Google DeepMind announced on February 11, 2026, that its Aletheia agent has advanced beyond solving competition-level problems to functioning as a collaborative research partner for scientists tackling open problems in mathematics, physics, and computer science. The system achieved 91.9% on IMO-ProofBench Advanced while using less compute than previous approaches, and autonomously solved 4 open Erdős conjectures—mathematical problems that had previously stumped human mathematicians.
Aletheia Achieves Breakthrough Performance on Mathematical Benchmarks
The system demonstrated unprecedented capabilities across multiple evaluation metrics. Aletheia achieved up to 90% accuracy on advanced formal proof benchmarks and improved performance from roughly 65% to 95.1% on certain benchmarks, significantly outperforming previous state-of-the-art systems. Most notably, the agent scored 91.9% on IMO-ProofBench Advanced, surpassing the January 2026 Deep Think score while requiring less computational resources.

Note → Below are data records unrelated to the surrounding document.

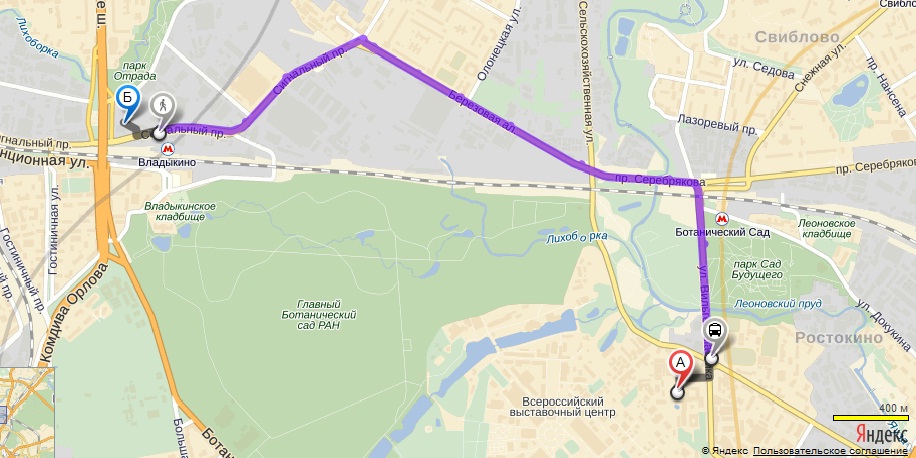 От гостиницы пройти до автобусной остановке метро «Владыкино», сесть на маршрутку 154м или 333м; или на автобус 33 или 154, выйти на остановке Гостиница «Байкал» (Сельскохозяйственная ул., 30К2).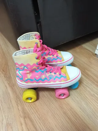 Patines de niña con un divertido diseño. - Color amarillo con detalles en rosa y azul. - Cordones rosas. - Ruedas de colores: dos rosas, una amarilla y una azul. Talla 36.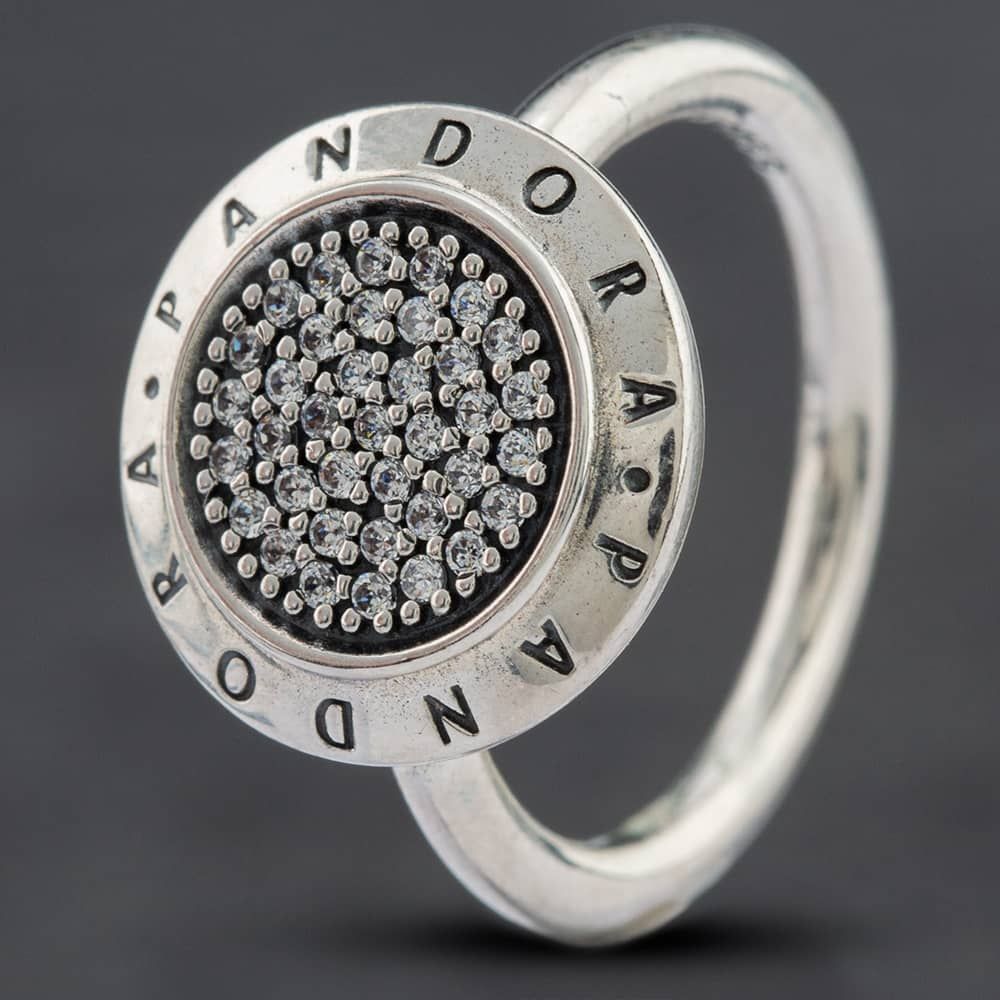 Pandora presents a unique silver ring engraved with Pandora around the edge and completed with an eye catching cluster of cubic zirconia in the centre.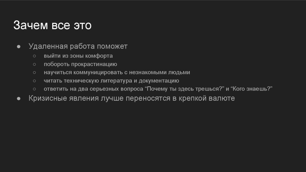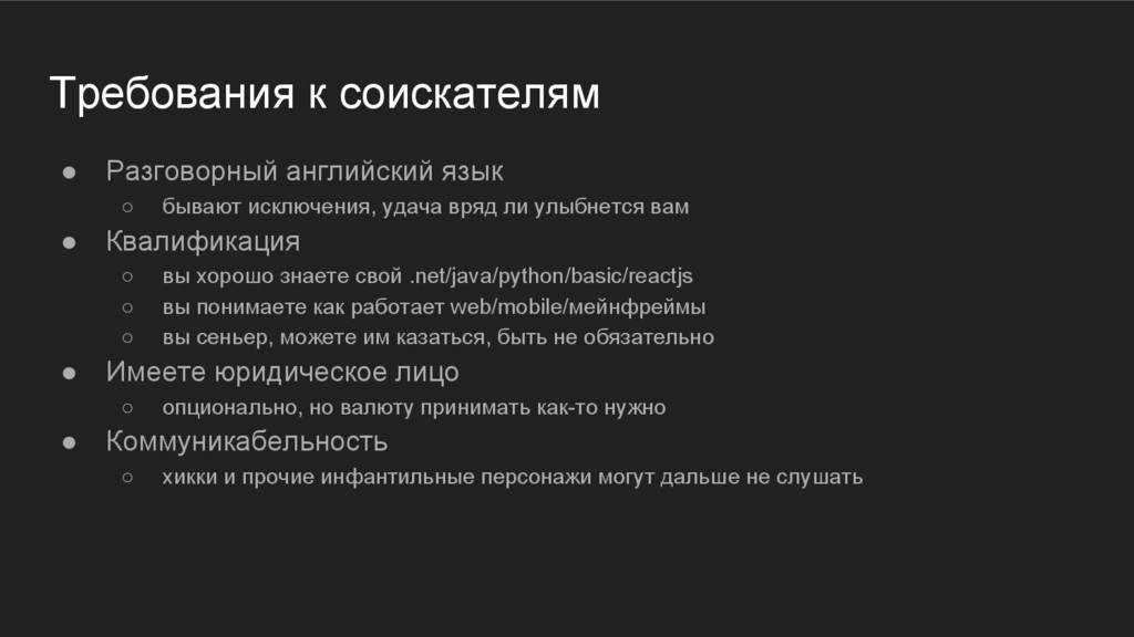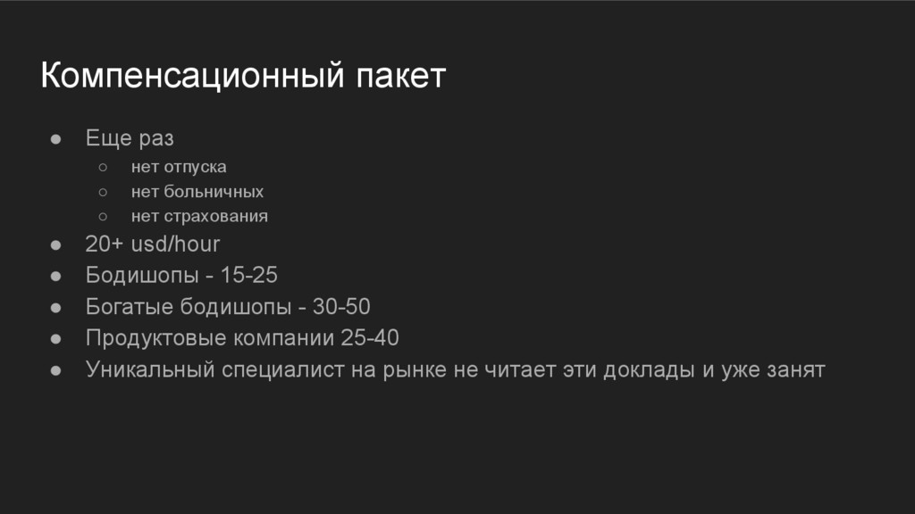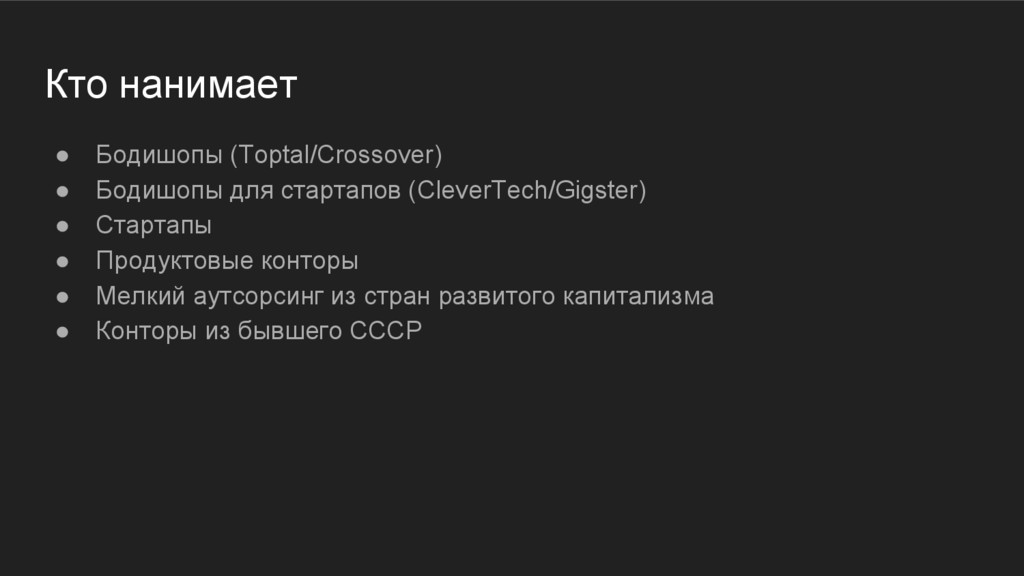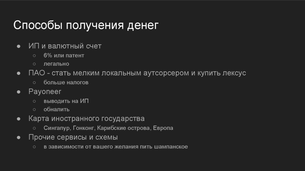 или патент ◦ легально • ПАО - стать мелким локальным аутсорсером и купить лексус ◦ больше налогов • Payoneer ◦ выводить на ИП ◦ обналить • Карта иностранного государства ◦ Сингапур, Гонконг, Карибские острова, Европа • Прочие сервисы и схемы ◦ в зависимости от вашего желания пить шампанское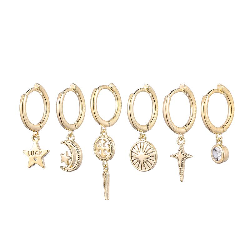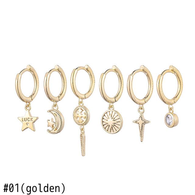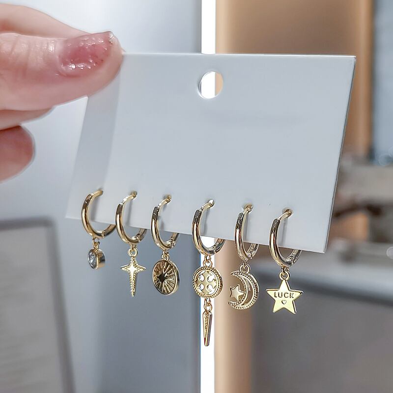送料無料 ANENJERY6個/セットシルバーカラーサンムーンスターフープピアスセットかわいい光沢のある女性だけ手作りヒップホップガールパーティージュエリー イヤリング 大人ガーリー スウィート キュート カジュアル リング 指輪 銀 シンプル アクセサリー AE165548428012211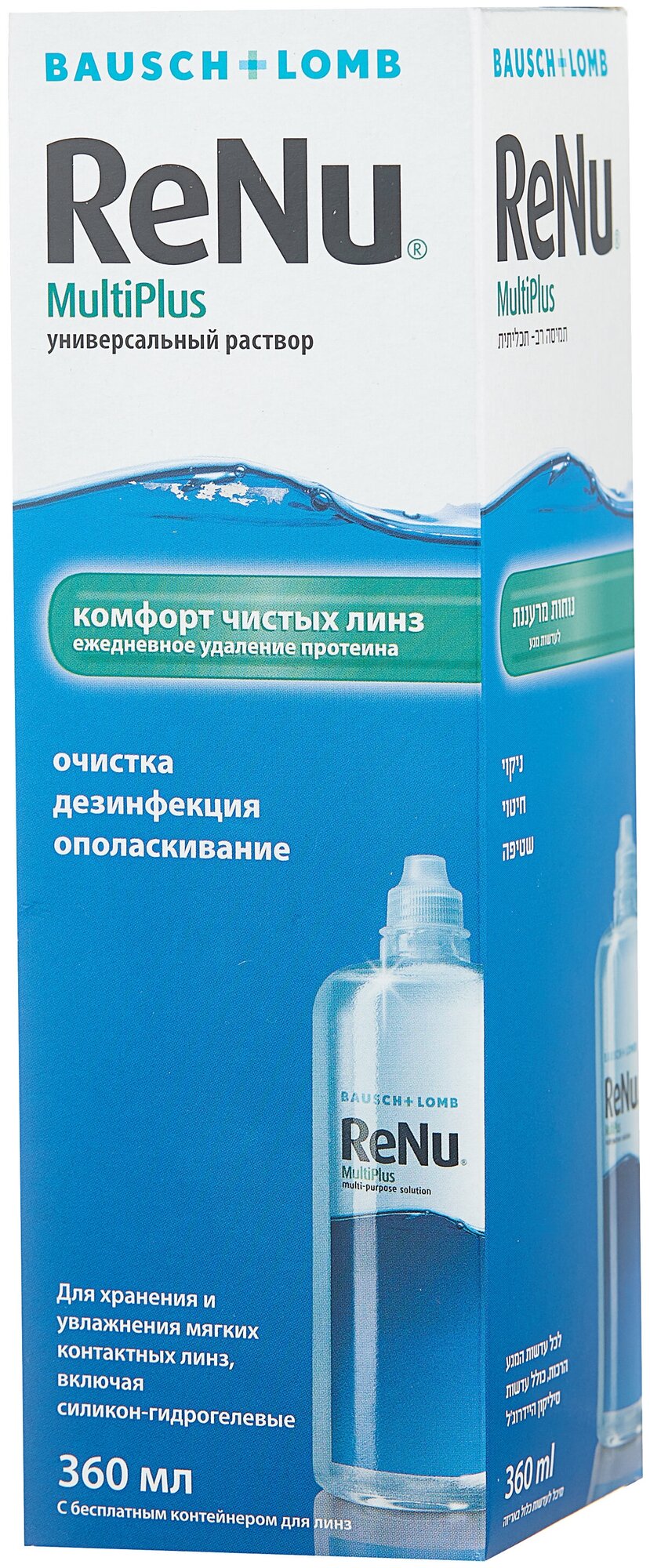 Многоцелевой раствор Bausch+Lomb ReNu MultiPlus, 360 мл с контейнером для линз (Реню Мультиплюс)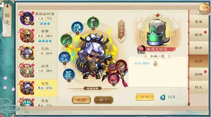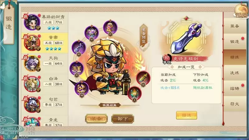 4. 装备精炼,可以通过该系统,来“吃掉”低等级或者无用的装备,来提高装备精炼等级。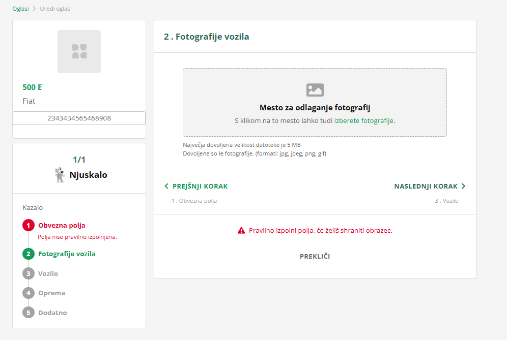 V drugem koraku lahko dodaš fotografije vozila, ki ga želiš oglaševati. Fotografije niso nujne, a zelo pripomorejo k hitri prodaji vozila. Klikni NADALJUJ.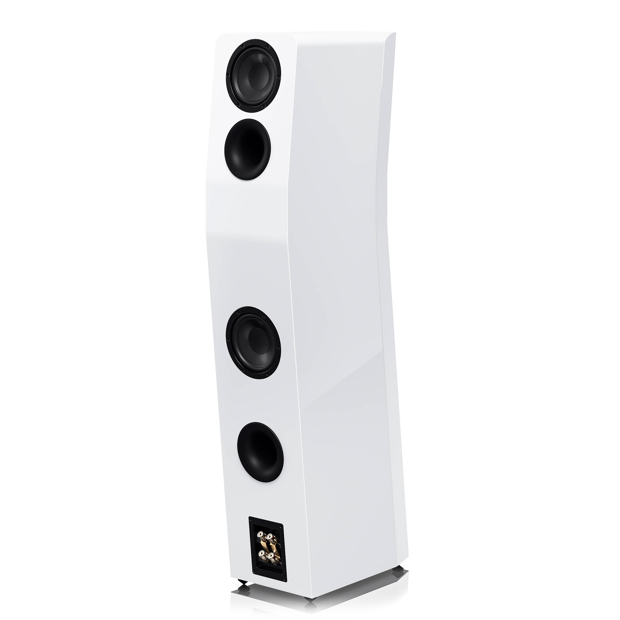 - Скошенная передняя панель и утопленные в корпус динамики уменьшают дифракцию по краям и улучшают высокочастотную характеристику как по оси, так и вне оси.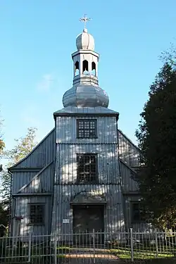 Pierwszy tutejszy kościół drewniany powstał tu ponoć w 1293 r.; byłby więc najstarszym w tej części Polski. W każdym razie istnienie parafii wzmiankowano w 1334 r. Kościół ów uległ spaleniu w 1740 i na jego miejsce w 1746 powstał obecny drewniany, z fundacji Bonifacego Brodowskiego, proboszcza i jednocześnie dziedzica wsi. Odnawiany w 1858 i 1923/26 roku[10].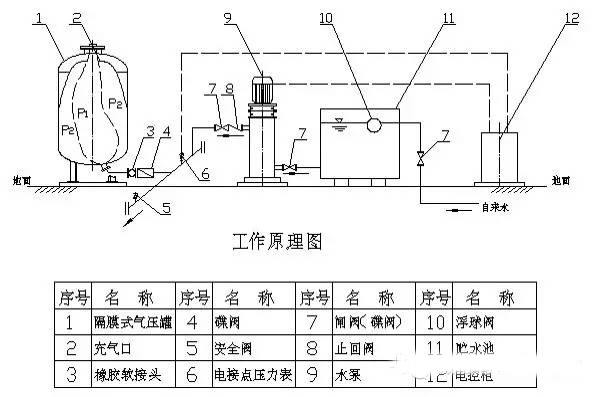 系統中定壓點壓力確定:定壓點壓力的高低要考慮兩個因素,一個是系統運行時任一點都不超壓,二是系統停運時系統不倒空。如果定壓點的壓力過高,系統中的每一點的壓力也就相應的增高,導致管道、閥門或設備等在高壓下運行,出現強度破壞或疲勞損壞。壓力設置太低,系統就會倒空出現氣堵,而導致介質循環不暢。氣壓罐工作壓力值按以下方法確定(推薦) (1)補水泵啟動壓力P1: P1=Po+0.005;“Po”系統最高點壓力 (2)補水泵停泵壓力P2:
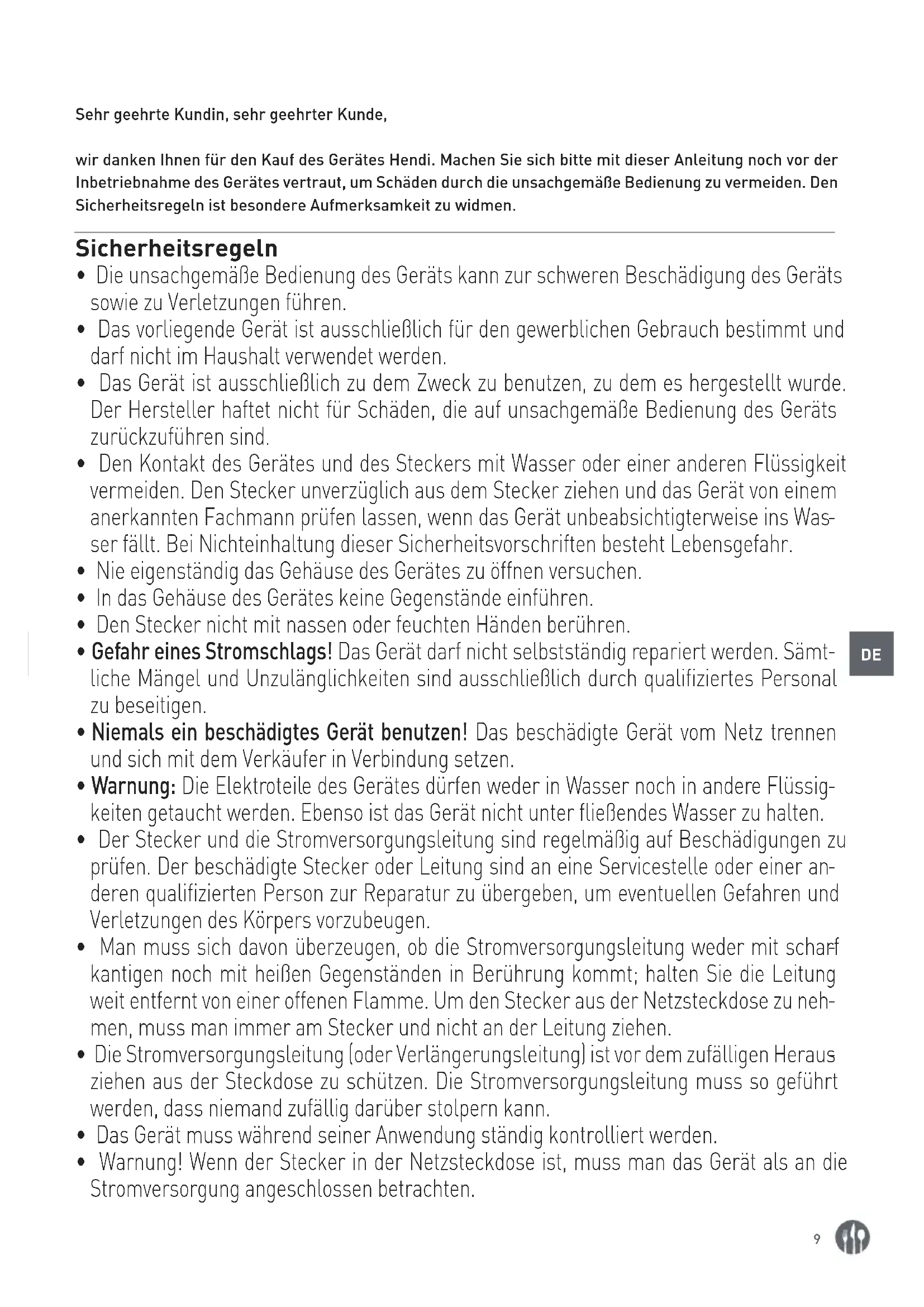 Sehr geehrte Kundin, sehr geehrter Kunde, wir danken Ihnen für den Kauf des Gerätes Hendi. Machen Sie sich bitte mit dieser Anleitung noch vor der Inbetriebnahme des Gerätes vertraut, um Schäden durch die unsachgemäße Bedienung zu vermeiden. Den Sicherheitsregeln ist besondere Aufmerksamkeit zu widmen. Sicherheitsregeln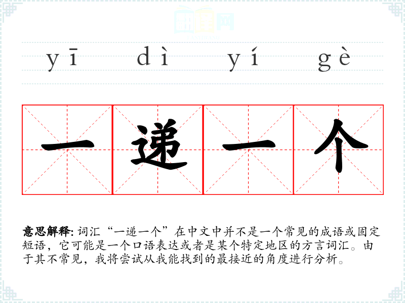 词汇“一递一个”在中文中并不是一个常见的成语或固定短语,它可能是一个口语表达或者是某个特定地区的方言词汇。由于其不常见,我将尝试从我能找到的最接近的角度进行分析。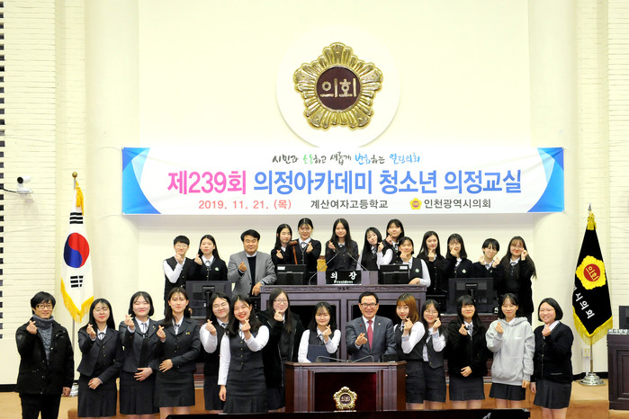 [인천=문찬식 기자] 인천시의회가 최근 계산여자고등학교(계양구 계산새로 소재) 학생회 임원 25명을 대상으로 제239회 의정아카데미 청소년 의정교실을 개최했다.

System Autonomously Solves Previously Unsolved Mathematical Conjectures
When deployed on 700 open Erdős conjectures, Aletheia produced 212 candidates and resolved 13 problems through either autonomous solutions or literature identification. The system also generated a complete research paper on eigenweights without human intervention that researchers consider publishable quality. This represents a fundamental shift from AI systems that solve known problems to those capable of discovering new mathematics and creating original research contributions at a professional level.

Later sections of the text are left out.